*** INFORMATION SUPPLIED Section Begins ***
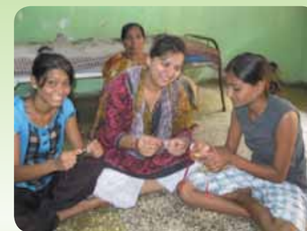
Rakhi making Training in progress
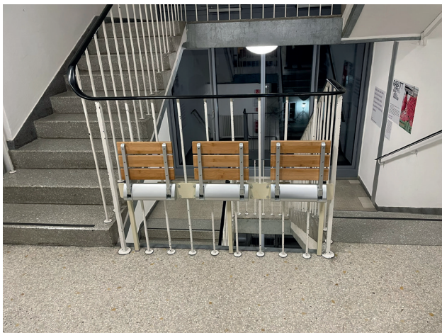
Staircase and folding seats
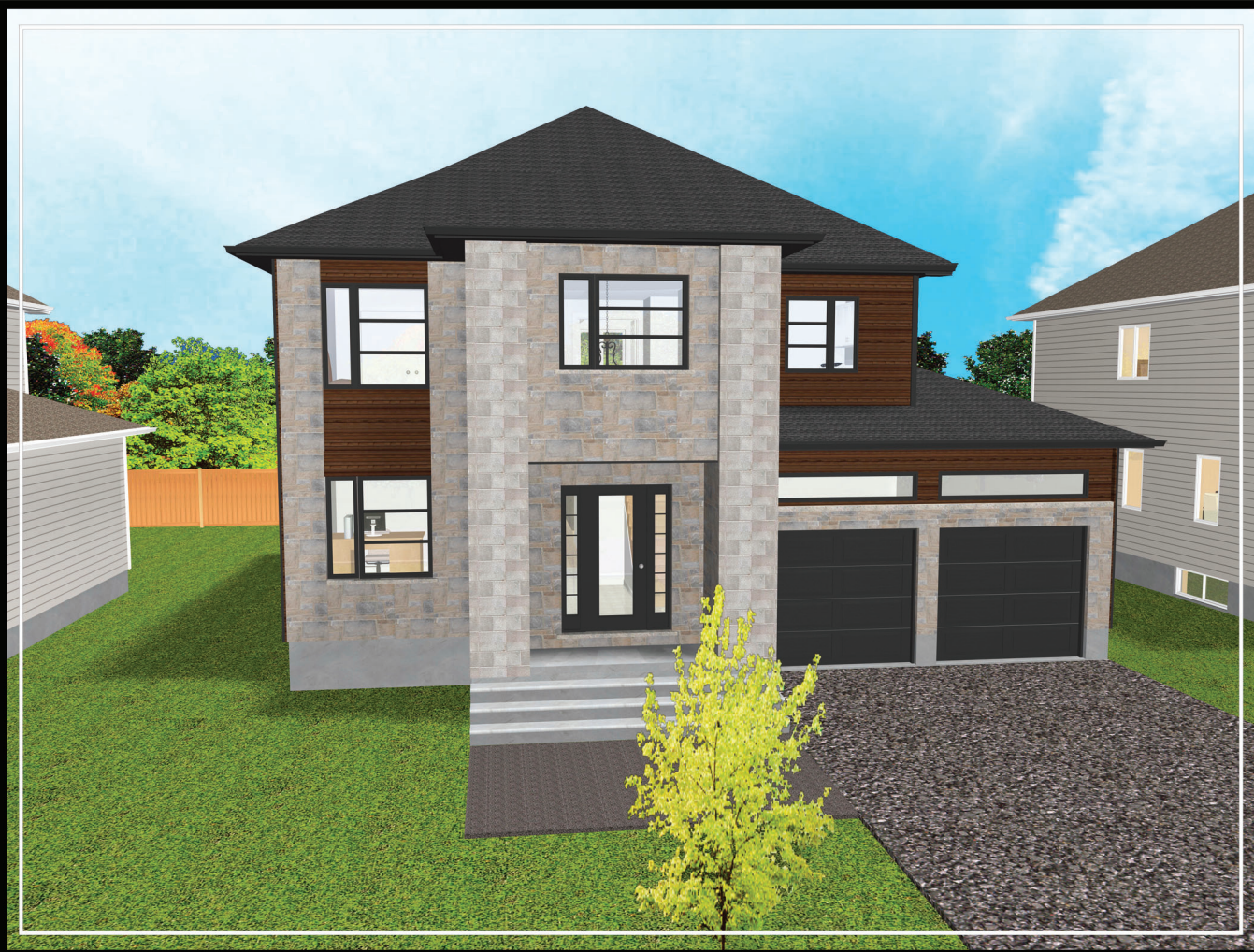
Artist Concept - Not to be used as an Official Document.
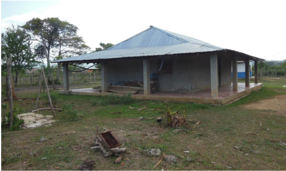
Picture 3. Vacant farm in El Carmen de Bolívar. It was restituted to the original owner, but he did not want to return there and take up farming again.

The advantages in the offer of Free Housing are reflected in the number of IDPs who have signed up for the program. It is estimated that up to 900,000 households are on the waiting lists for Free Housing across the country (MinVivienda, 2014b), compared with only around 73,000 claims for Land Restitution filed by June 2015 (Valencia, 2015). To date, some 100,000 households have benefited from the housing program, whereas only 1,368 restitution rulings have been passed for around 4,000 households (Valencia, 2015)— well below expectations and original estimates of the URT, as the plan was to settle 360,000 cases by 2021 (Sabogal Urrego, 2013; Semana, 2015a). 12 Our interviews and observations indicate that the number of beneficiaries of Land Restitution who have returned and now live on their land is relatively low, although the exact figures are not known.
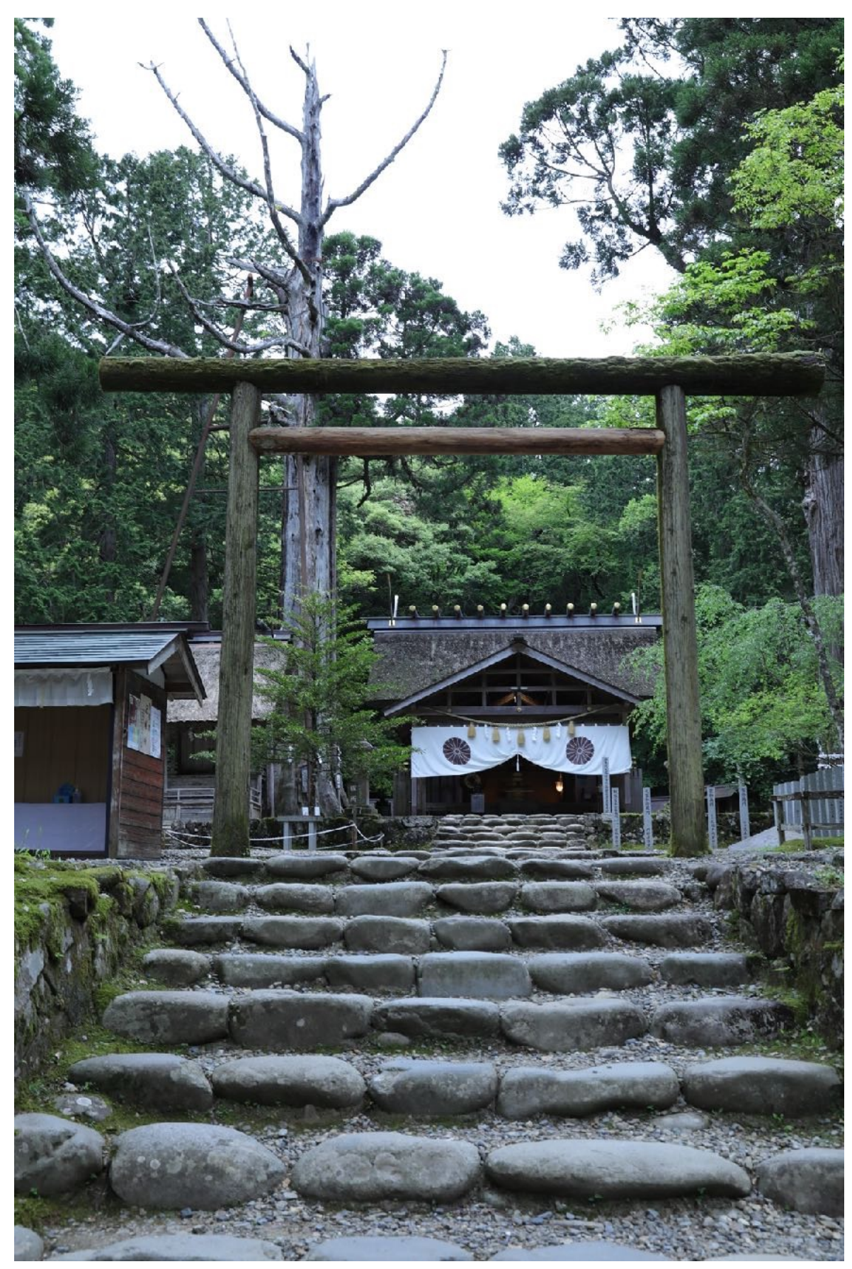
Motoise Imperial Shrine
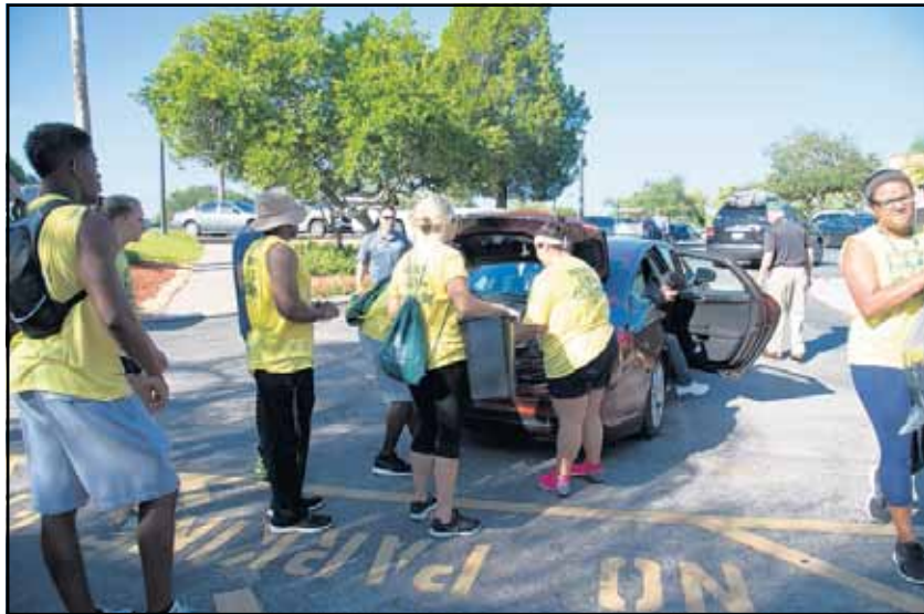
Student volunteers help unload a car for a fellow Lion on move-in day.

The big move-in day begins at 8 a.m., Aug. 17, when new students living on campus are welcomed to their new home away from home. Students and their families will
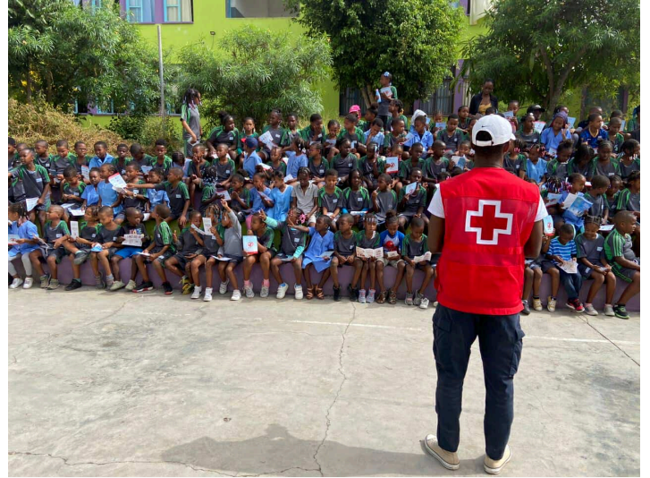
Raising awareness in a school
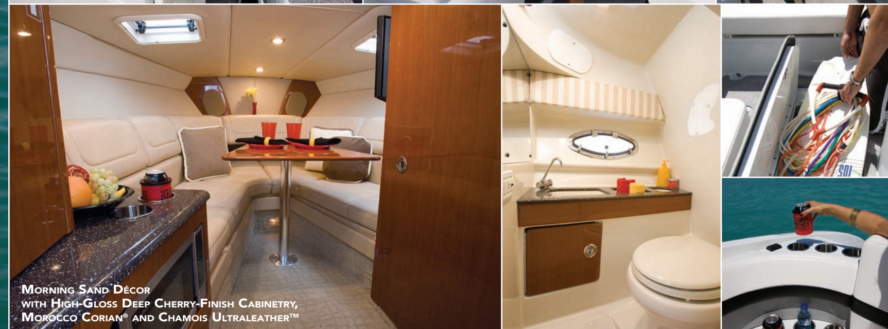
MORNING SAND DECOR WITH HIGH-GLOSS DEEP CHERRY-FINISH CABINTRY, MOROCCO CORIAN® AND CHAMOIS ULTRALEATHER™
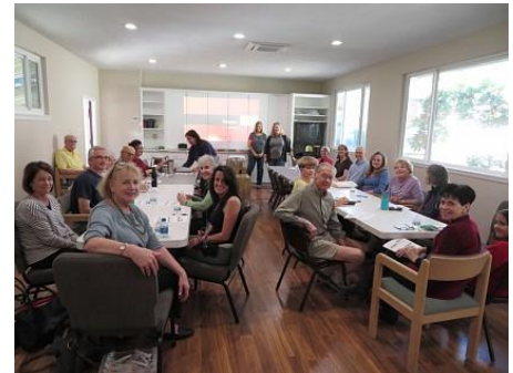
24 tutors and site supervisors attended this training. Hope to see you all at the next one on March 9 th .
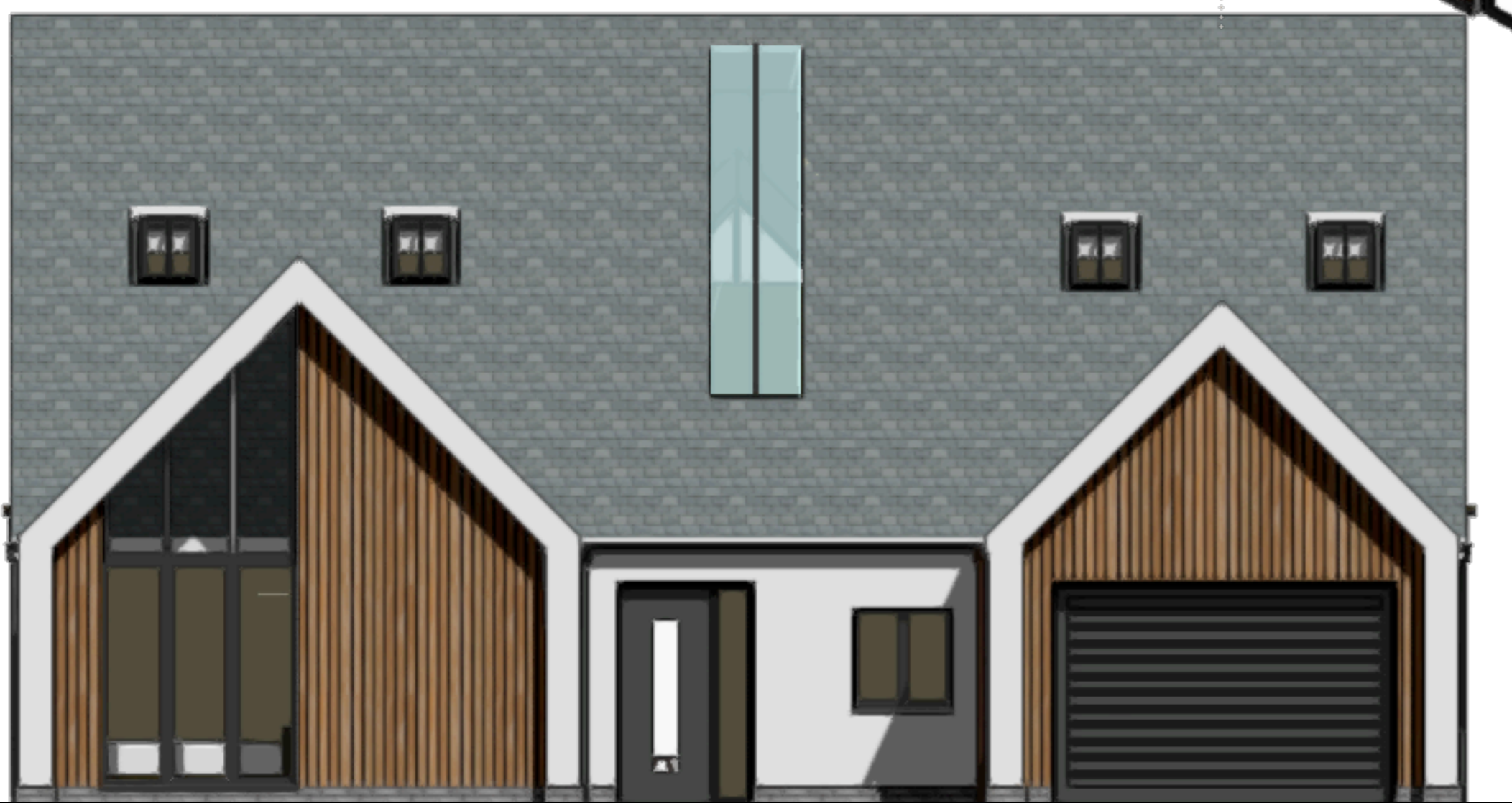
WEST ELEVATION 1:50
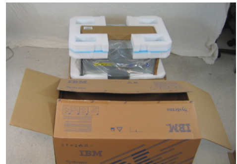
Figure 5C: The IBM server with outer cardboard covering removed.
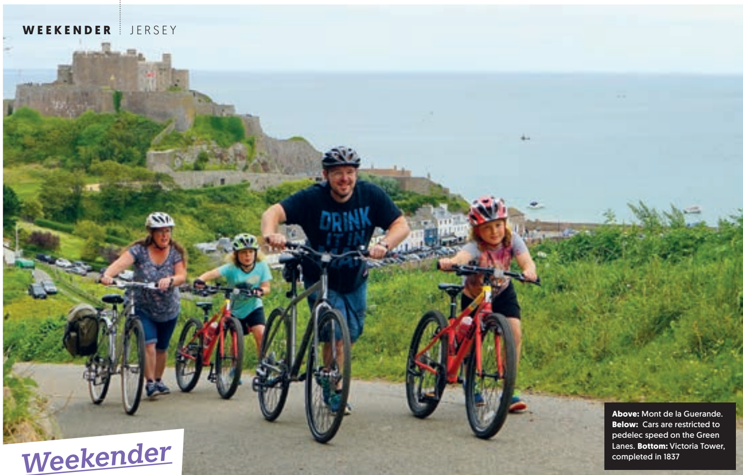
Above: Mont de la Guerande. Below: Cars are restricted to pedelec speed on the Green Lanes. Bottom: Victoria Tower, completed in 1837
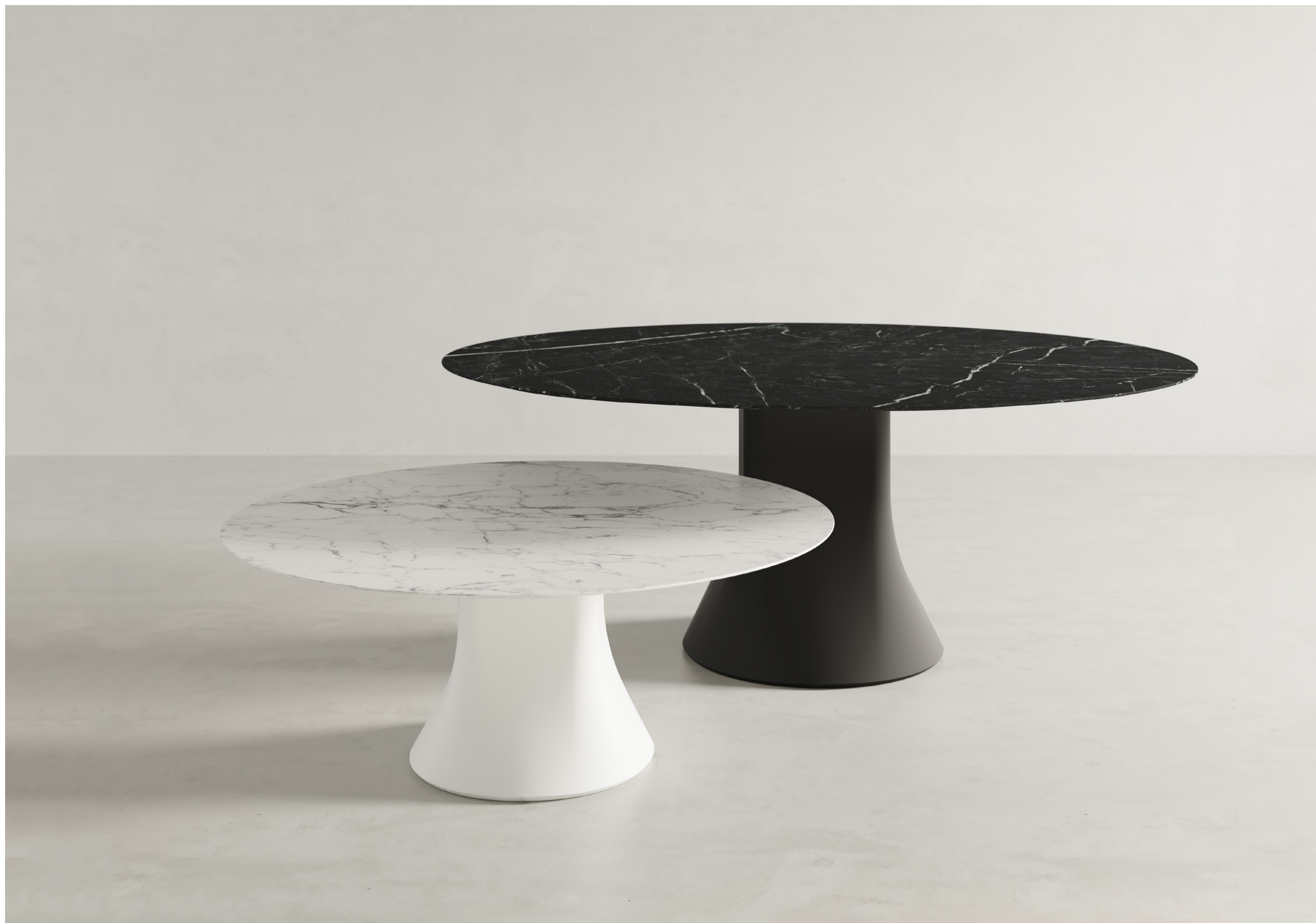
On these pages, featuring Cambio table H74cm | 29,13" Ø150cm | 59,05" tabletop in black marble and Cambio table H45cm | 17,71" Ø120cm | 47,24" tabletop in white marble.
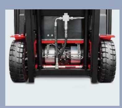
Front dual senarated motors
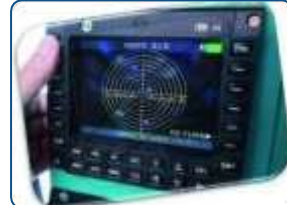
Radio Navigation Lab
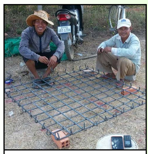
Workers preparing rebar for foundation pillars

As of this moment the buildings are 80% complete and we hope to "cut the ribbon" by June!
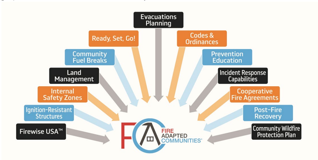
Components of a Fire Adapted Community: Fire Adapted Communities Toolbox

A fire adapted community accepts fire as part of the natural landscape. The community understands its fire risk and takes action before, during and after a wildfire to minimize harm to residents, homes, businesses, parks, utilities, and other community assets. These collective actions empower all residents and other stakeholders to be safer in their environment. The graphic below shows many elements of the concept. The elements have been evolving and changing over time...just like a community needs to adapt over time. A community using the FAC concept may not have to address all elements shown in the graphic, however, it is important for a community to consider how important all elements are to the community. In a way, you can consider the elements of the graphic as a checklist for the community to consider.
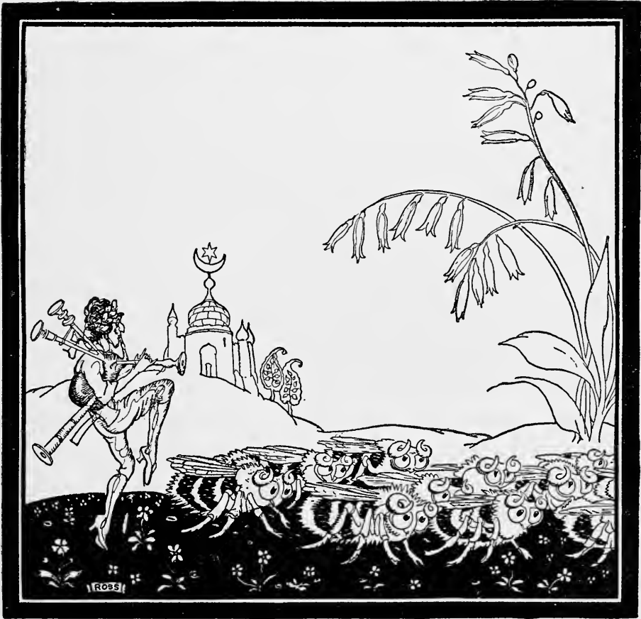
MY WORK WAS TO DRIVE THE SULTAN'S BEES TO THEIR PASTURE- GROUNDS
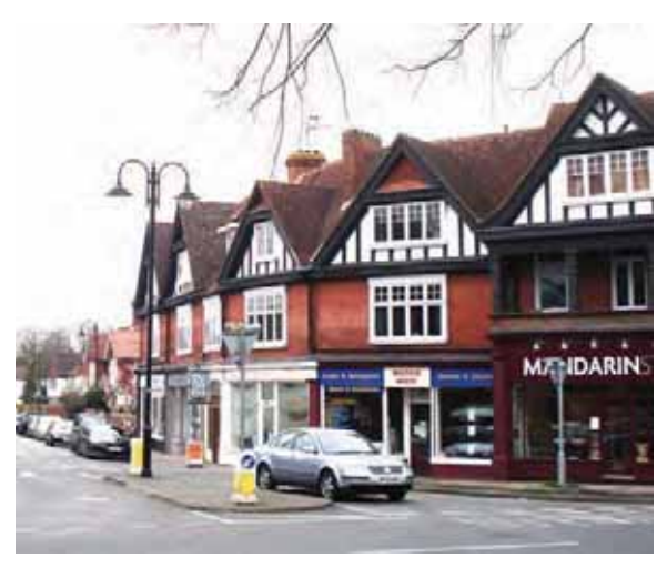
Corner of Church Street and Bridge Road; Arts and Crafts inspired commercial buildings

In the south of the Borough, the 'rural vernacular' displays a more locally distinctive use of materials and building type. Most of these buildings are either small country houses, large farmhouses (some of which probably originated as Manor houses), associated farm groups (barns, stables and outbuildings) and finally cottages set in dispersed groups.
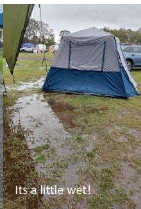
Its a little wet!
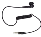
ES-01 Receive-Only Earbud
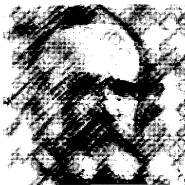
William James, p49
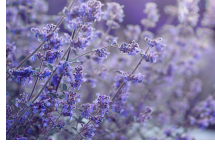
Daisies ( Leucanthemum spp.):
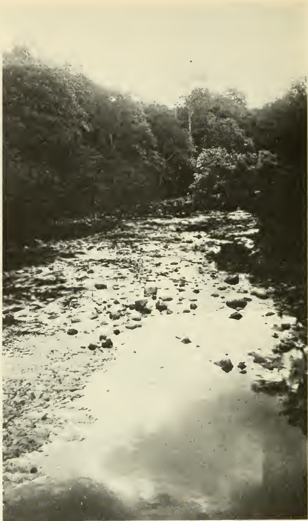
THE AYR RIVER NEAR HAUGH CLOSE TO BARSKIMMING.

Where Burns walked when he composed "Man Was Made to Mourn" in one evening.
*** INFORMATION SUPPLIED Section Ends ***
EXERCISE OBJECTIVE | Could the data above be repeated exactly, with every picture dropped?

RESPONSE AREA |
Rakhi making Training in progress
Staircase and folding seats
Artist Concept - Not to be used as an Official Document.
Picture 3. Vacant farm in El Carmen de Bolívar. It was restituted to the original owner, but he did not want to return there and take up farming again.

The advantages in the offer of Free Housing are reflected in the number of IDPs who have signed up for the program. It is estimated that up to 900,000 households are on the waiting lists for Free Housing across the country (MinVivienda, 2014b), compared with only around 73,000 claims for Land Restitution filed by June 2015 (Valencia, 2015). To date, some 100,000 households have benefited from the housing program, whereas only 1,368 restitution rulings have been passed for around 4,000 households (Valencia, 2015)— well below expectations and original estimates of the URT, as the plan was to settle 360,000 cases by 2021 (Sabogal Urrego, 2013; Semana, 2015a). 12 Our interviews and observations indicate that the number of beneficiaries of Land Restitution who have returned and now live on their land is relatively low, although the exact figures are not known.
Motoise Imperial Shrine
Student volunteers help unload a car for a fellow Lion on move-in day.

The big move-in day begins at 8 a.m., Aug. 17, when new students living on campus are welcomed to their new home away from home. Students and their families will
Raising awareness in a school
MORNING SAND DECOR WITH HIGH-GLOSS DEEP CHERRY-FINISH CABINTRY, MOROCCO CORIAN® AND CHAMOIS ULTRALEATHER™
24 tutors and site supervisors attended this training. Hope to see you all at the next one on March 9 th .
WEST ELEVATION 1:50
Figure 5C: The IBM server with outer cardboard covering removed.
Above: Mont de la Guerande. Below: Cars are restricted to pedelec speed on the Green Lanes. Bottom: Victoria Tower, completed in 1837
On these pages, featuring Cambio table H74cm | 29,13" Ø150cm | 59,05" tabletop in black marble and Cambio table H45cm | 17,71" Ø120cm | 47,24" tabletop in white marble.
Front dual senarated motors
Radio Navigation Lab
Workers preparing rebar for foundation pillars

As of this moment the buildings are 80% complete and we hope to "cut the ribbon" by June!
Components of a Fire Adapted Community: Fire Adapted Communities Toolbox

A fire adapted community accepts fire as part of the natural landscape. The community understands its fire risk and takes action before, during and after a wildfire to minimize harm to residents, homes, businesses, parks, utilities, and other community assets. These collective actions empower all residents and other stakeholders to be safer in their environment. The graphic below shows many elements of the concept. The elements have been evolving and changing over time...just like a community needs to adapt over time. A community using the FAC concept may not have to address all elements shown in the graphic, however, it is important for a community to consider how important all elements are to the community. In a way, you can consider the elements of the graphic as a checklist for the community to consider.
MY WORK WAS TO DRIVE THE SULTAN'S BEES TO THEIR PASTURE- GROUNDS
Corner of Church Street and Bridge Road; Arts and Crafts inspired commercial buildings

In the south of the Borough, the 'rural vernacular' displays a more locally distinctive use of materials and building type. Most of these buildings are either small country houses, large farmhouses (some of which probably originated as Manor houses), associated farm groups (barns, stables and outbuildings) and finally cottages set in dispersed groups.
Its a little wet!
ES-01 Receive-Only Earbud
William James, p49
Daisies ( Leucanthemum spp.):
THE AYR RIVER NEAR HAUGH CLOSE TO BARSKIMMING.

Where Burns walked when he composed "Man Was Made to Mourn" in one evening.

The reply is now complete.